_Problem details_. Output the whole listing below exactly, omitting the images.

_Exercise input_.
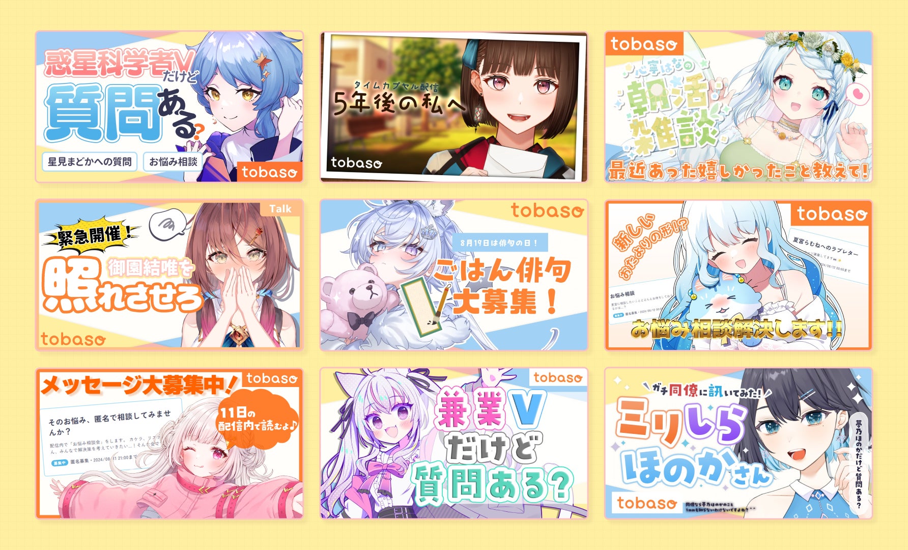 tobasoは、おたより募集型配信やファンレター受付所としての活用はもちろん、誕生日や活動周年記念など特別な瞬間を視聴者とともにお祝いし、視聴者さんとの絆を深めていくことにも最適なツールとなっております。また、動画プラットフォームで収益化ができていない方でも、収益を得る場所として活用することが可能です。
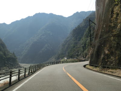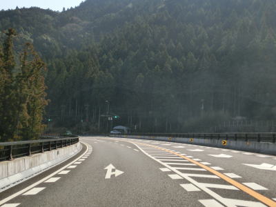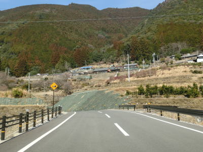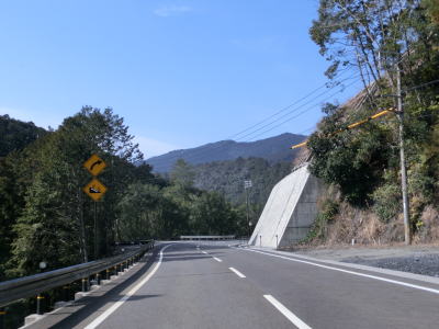 | 竹筒交差点からはR311が重複しているのだが、R311のおにぎりは設置されていない。旧道との交差点を通過してすぐに右にカーブしてアップダウンとカーブのある2車線道路を走る。北側に並走している道路が旧道だが、厳密に言えばR169の旧道ではなくR311の旧道である。奥瀞道路の開通に合わせて元々R311単独だった区間がR169に編入されて整備されたという経緯がある。 | ||
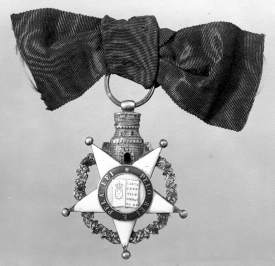 Femuddig, vitemaljerad stjärna av silver, kulor på spetsarna, en udd raktnedåt. Medaljong täckt med vit emalj, därpå fäst grönemaljerad eklövs- och lagerkrans, därigenom stucket svärd med blåemaljerad klinga. Runtom blåemaljerad ring med guldtext: "VALOR LEALDADE E MERITO". Frånsidans medaljong av vit emalj, därpå vitemaljerad uppslagen bok, på ena sidan Portugals krönta vapen, på andra sidan text:"CARTA CONSTITUCIONAL DA MO". Däromkring blåemaljerad ring med guldtext: "PELO REI E PELA LEI". Runt stjärnan vid spetsarna en grönemaljerad eklövskrans av silver. Mellan de två övre spetsarna ett torn av silver, svartemaljerade fönster och dörrar,på tornets översida en tunnformig ring, däri fäst bandring av silver.
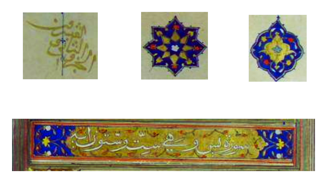 ثُم شمسيَّتان مُشرِقتان متوزِّعٌ عليهما آية كريمة بالحِبر الأبيض بخطّ ثُلث جليّ، على أرضيّة ذهبيّة مضيئة، داخل شكلٍ مُقَبَّب مُسدَّس الأضلاع يحيط بها تِيجان مقلوبة ملوَّنة بالأزرق تعلوها تِيجان ذهبية مذيَّلة، وتَحتَضِن الشمسيَّتَيْن أزهارٌ وفروع منحنية تعانق الأشكال الزُّخرفية بشكلٍ بديعٍ ملوَّنة بالبياض والحُمرة والصُّفرة.
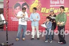 小朋友上臺獻唱「風箏與風」阿Sa輕拍他的頭以示鼓勵。

_Result for this exercise_.
 tobasoは、おたより募集型配信やファンレター受付所としての活用はもちろん、誕生日や活動周年記念など特別な瞬間を視聴者とともにお祝いし、視聴者さんとの絆を深めていくことにも最適なツールとなっております。また、動画プラットフォームで収益化ができていない方でも、収益を得る場所として活用することが可能です。
 | 竹筒交差点からはR311が重複しているのだが、R311のおにぎりは設置されていない。旧道との交差点を通過してすぐに右にカーブしてアップダウンとカーブのある2車線道路を走る。北側に並走している道路が旧道だが、厳密に言えばR169の旧道ではなくR311の旧道である。奥瀞道路の開通に合わせて元々R311単独だった区間がR169に編入されて整備されたという経緯がある。 | ||
 Femuddig, vitemaljerad stjärna av silver, kulor på spetsarna, en udd raktnedåt. Medaljong täckt med vit emalj, därpå fäst grönemaljerad eklövs- och lagerkrans, därigenom stucket svärd med blåemaljerad klinga. Runtom blåemaljerad ring med guldtext: "VALOR LEALDADE E MERITO". Frånsidans medaljong av vit emalj, därpå vitemaljerad uppslagen bok, på ena sidan Portugals krönta vapen, på andra sidan text:"CARTA CONSTITUCIONAL DA MO". Däromkring blåemaljerad ring med guldtext: "PELO REI E PELA LEI". Runt stjärnan vid spetsarna en grönemaljerad eklövskrans av silver. Mellan de två övre spetsarna ett torn av silver, svartemaljerade fönster och dörrar,på tornets översida en tunnformig ring, däri fäst bandring av silver.
 ثُم شمسيَّتان مُشرِقتان متوزِّعٌ عليهما آية كريمة بالحِبر الأبيض بخطّ ثُلث جليّ، على أرضيّة ذهبيّة مضيئة، داخل شكلٍ مُقَبَّب مُسدَّس الأضلاع يحيط بها تِيجان مقلوبة ملوَّنة بالأزرق تعلوها تِيجان ذهبية مذيَّلة، وتَحتَضِن الشمسيَّتَيْن أزهارٌ وفروع منحنية تعانق الأشكال الزُّخرفية بشكلٍ بديعٍ ملوَّنة بالبياض والحُمرة والصُّفرة.
 小朋友上臺獻唱「風箏與風」阿Sa輕拍他的頭以示鼓勵。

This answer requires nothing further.